[[ Data, beginning ]]

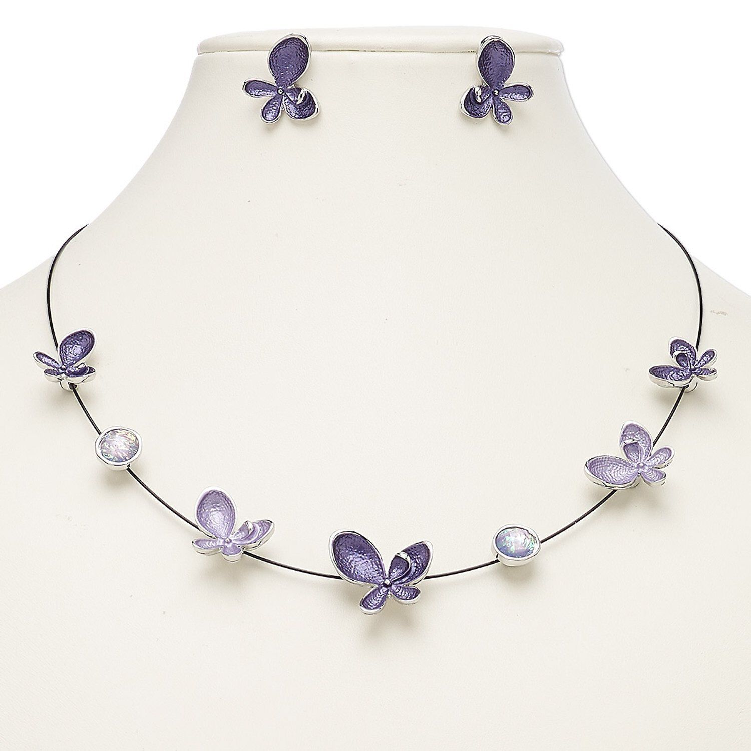 Necklace and earring set, enamel / resin / stainless steel / imitation rhodium-plated steel / "pewter" (zinc-based alloy), matte and opalescent black / lavender / white, butterfly, 18-inch necklace with 2-inch extender chain and lobster claw clasp, 19x18mm butterfly with post. Sold per set.
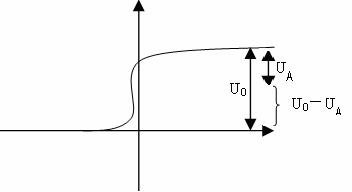 b) In cazul in care jonctiunea este polarizata invers (sursa exterioara E are sens opus), campul exterior E este de acelasi sens cu cel imprimat, Ei. Bariera de potential creste la valoarea U0 +UA. Numarul purtatorilor majoritari care o pot strabate scade, in schimb vor trece purtatori minoritari. Apare un curent rezidual. Daca tensiunea inversa creste mult, curentul invers (rezidual) creste si duce la strapungerea jonctiunii. Tensiunea la care se produce acest fenomen se numeste tensiune de strapungere, US.
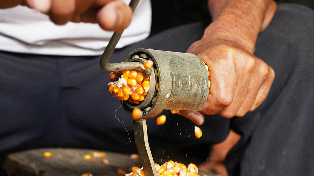 2019年8月8日,湖南怀化,在通道侗族自治县坪坦乡岭南村,村民在剥玉米。
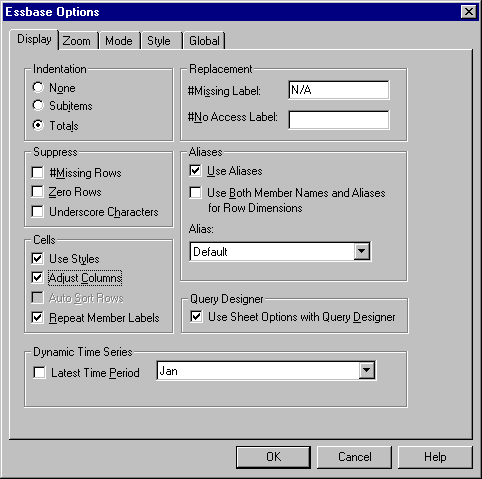 Figure 50. Enabling Aliases in the Essbase Options Display Tab

[[ Data, end ]]

■ **Required action**:
With images omitted, retype the data word for word.

■ **Answer to the problem**:
 Necklace and earring set, enamel / resin / stainless steel / imitation rhodium-plated steel / "pewter" (zinc-based alloy), matte and opalescent black / lavender / white, butterfly, 18-inch necklace with 2-inch extender chain and lobster claw clasp, 19x18mm butterfly with post. Sold per set.
 b) In cazul in care jonctiunea este polarizata invers (sursa exterioara E are sens opus), campul exterior E este de acelasi sens cu cel imprimat, Ei. Bariera de potential creste la valoarea U0 +UA. Numarul purtatorilor majoritari care o pot strabate scade, in schimb vor trece purtatori minoritari. Apare un curent rezidual. Daca tensiunea inversa creste mult, curentul invers (rezidual) creste si duce la strapungerea jonctiunii. Tensiunea la care se produce acest fenomen se numeste tensiune de strapungere, US.
 2019年8月8日,湖南怀化,在通道侗族自治县坪坦乡岭南村,村民在剥玉米。
 Figure 50. Enabling Aliases in the Essbase Options Display Tab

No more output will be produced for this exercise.